Sanierung einer Trinkwasserleitung am Genfer See

Anfang 2013 stand das Versorgungsunternehmen Services Industriels de Genève in der Schweiz vor der Aufgabe 1715 Meter einer Trinkwasserleitung zu sanieren. Diese besteht aus einem GFK-Rohr mit einen Durchmesser von 500 Millimetern und verfügt über einen Betriebsdruck von 16 bar. Der Sanierungsabschnitt der Leitung verläuft nahe des Genfer Sees, der ein wichtiger touristischer Anziehungspunkt ist. Deshalb lag die höchste Priorität auf einer schnellen Umsetzung mit geringen Eingriffen. Zudem bot die nahe Parkanlage am Seeufer nur wenig Platz für eine Baustelle. Infolgedessen wurde mit Primus Line® eine Lösung eingesetzt, die wirtschaftliche und ökonomische Aspekte berücksichtigt.

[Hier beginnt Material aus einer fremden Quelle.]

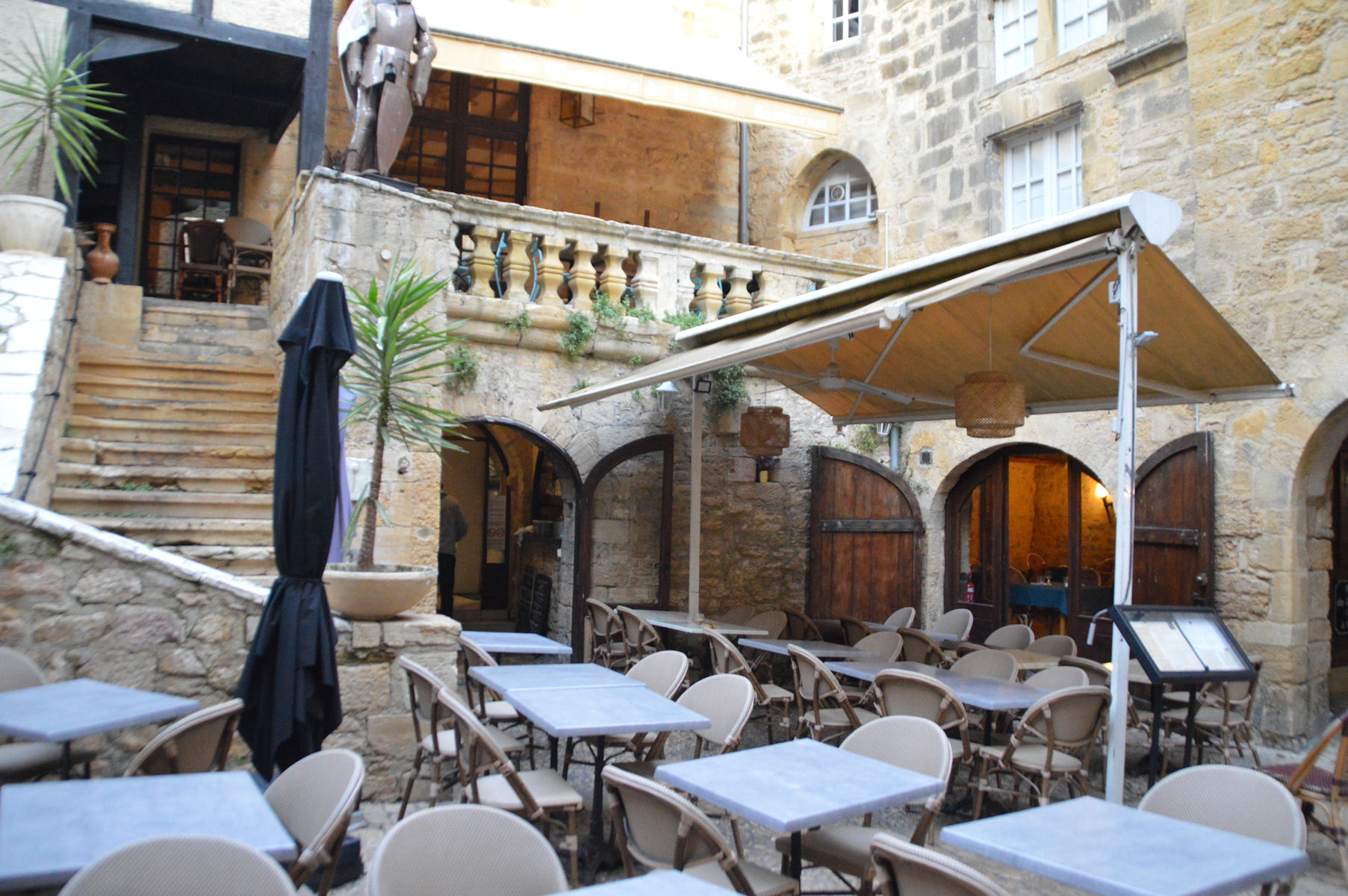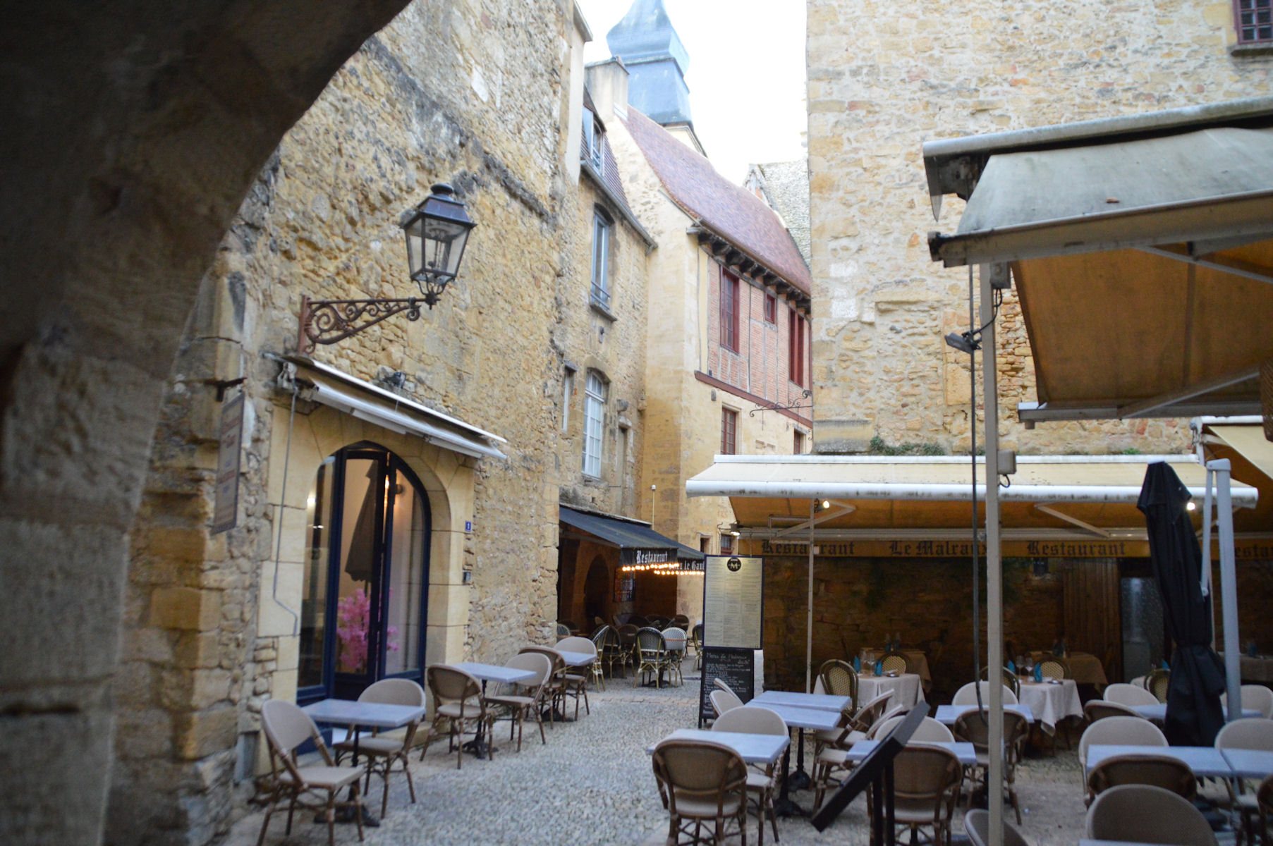 On tombe immédiatement sous le charme de cette cité médiévale. Les hautes maisons fleuries, les petites ruelles, la pierre omniprésente forment un décor historique de qualité. Après cette immersion au cœur du patrimoine historique et gastronomique de Sarlat, nous avons rendez-vous à l’Hostellerie Maleville à Beynac.

Der Auftragnehmer KFS Service de Canalisation SA (KFS) entschied sich dafür einen einlagigen Schlauch mit einem Innendurchmesser von 446 Millimetern und einem maximal zulässigen Betriebsdruck von 16 bar zu verwenden. Der Einzug der 1715 Meter erfolgte in zehn Abschnitten mit Einzugslängen von 32, 238, 25, 245, 245, 260, 20, 120, 320 und 210 Metern.